# Deploying AI
## Assignment 1: Evaluating Summaries

A key application of LLMs is to summarize documents. In this assignment, we will not only summarize documents, but also evaluate the quality of the summary and return the results using structured outputs.

**Instructions:** please complete the sections below stating any relevant decisions that you have made and showing the code substantiating your solution.

## Select a Document

Please select one out of the following articles:

+ [Managing Oneself, by Peter Druker](https://www.thecompleteleader.org/sites/default/files/imce/Managing%20Oneself_Drucker_HBR.pdf)  (PDF)
+ [The GenAI Divide: State of AI in Business 2025](https://www.artificialintelligence-news.com/wp-content/uploads/2025/08/ai_report_2025.pdf) (PDF)
+ [What is Noise?, by Alex Ross](https://www.newyorker.com/magazine/2024/04/22/what-is-noise) (Web)

# Load Secrets

In [1]:
%load_ext dotenv
%dotenv ../05_src/.secrets

## Load Document

Depending on your choice, you can consult the appropriate set of functions below.
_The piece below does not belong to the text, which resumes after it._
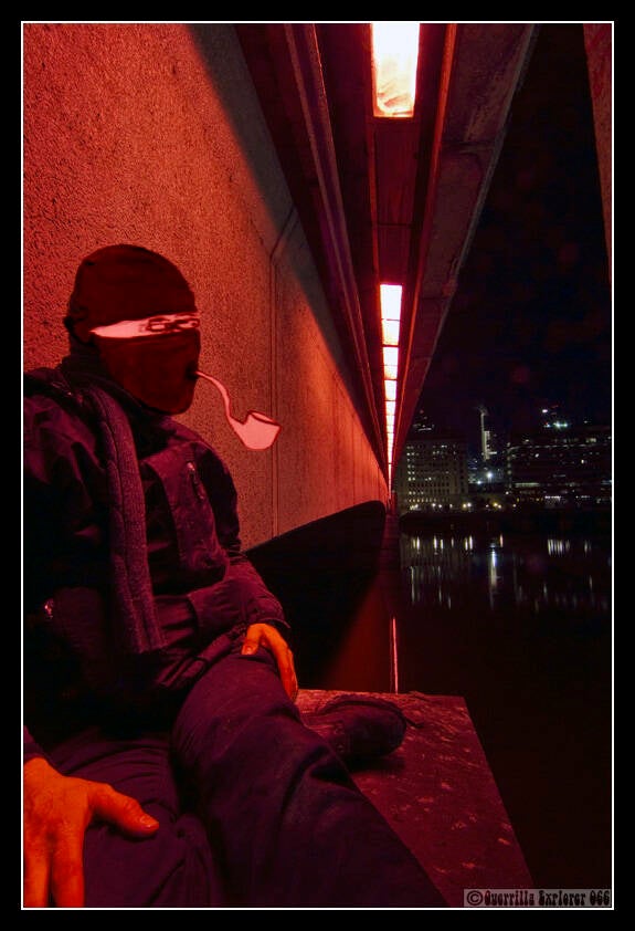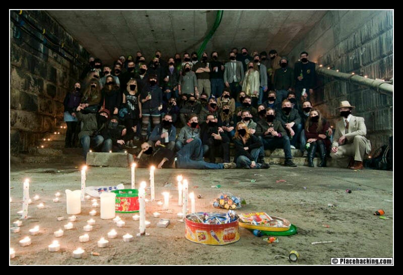 I didn't actually realise the connection between the dull concrete room and the bridge until I went along to an explorer party held in the room for some friends birthdays. Not that one needs an excuse to par-tay! I only had a point and shoot with me, so didn't get any interesting pictures. And to be honest, I was more interested in catching up with fellow explorers I hadn't seen in a while. I had turned up too late for the main pic, which shows the difference people can make to a place. (Photo used with permission from Placehacking.com). A while later we had another party here, for the launch of a friends short film.

Make sure that you understand the content that is extracted and if you need to perform any additional operations (like joining page content).

### PDF

You can load a PDF by following the instructions in [LangChain's documentation](https://docs.langchain.com/oss/python/langchain/knowledge-base#loading-documents). Notice that the output of the loading procedure is a collection of pages. You can join the pages by using the code below.

```python
document_text = ""
for page in docs:
    document_text += page.page_content + "\n"
```

### Web

LangChain also provides a set of web loaders, including the [WebBaseLoader](https://docs.langchain.com/oss/python/integrations/document_loaders/web_base). You can use this function to load web pages.

In [2]:
from langchain_community.document_loaders import PyPDFLoader

file_path = "./documents/ai_report_2025.pdf"
loader = PyPDFLoader(file_path)

docs = loader.load()

print(len(docs))

26


In [3]:
document_text = ""
for page in docs:
    document_text += page.page_content + "\n"
print(len(document_text))
print(document_text[:100])

53851
pg. 1 
 
 
The GenAI Divide  
STATE OF AI IN 
BUSINESS 2025 
 
 
 
 
 
 
MIT NANDA 
Aditya Challapal


## Generation Task

Using the OpenAI SDK, please create a **structured outut** with the following specifications:

+ Use a model that is NOT in the GPT-5 family.
+ Output should be a Pydantic BaseModel object. The fields of the object should be:

    - Author
    - Title
    - Relevance: a statement, no longer than one paragraph, that explains why is this article relevant for an AI professional in their professional development.
    - Summary: a concise and succinct summary no longer than 1000 tokens.
    - Tone: the tone used to produce the summary (see below).
    - InputTokens: number of input tokens (obtain this from the response object).
    - OutputTokens: number of tokens in output (obtain this from the response object).

       
+ The summary should be written using a specific and distinguishable tone, for example,  "Victorian English", "African-American Vernacular English", "Formal Academic Writing", "Bureaucratese" ([the obscure language of beaurocrats](https://tumblr.austinkleon.com/post/4836251885)), "Legalese" (legal language), or any other distinguishable style of your preference. Make sure that the style is something you can identify. 
+ In your implementation please make sure to use the following:

    - Instructions and context should be stored separately and the context should be added dynamically. Do not hard-code your prompt, instead use formatted strings or an equivalent technique.
    - Use the developer (instructions) prompt and the user prompt.


In [6]:
from openai import OpenAI
from pydantic import BaseModel, Field
import os
from typing import Literal

client = OpenAI(default_headers={"x-api-key": os.getenv('API_GATEWAY_KEY')},
    base_url='https://k7uffyg03f.execute-api.us-east-1.amazonaws.com/prod/openai/v1')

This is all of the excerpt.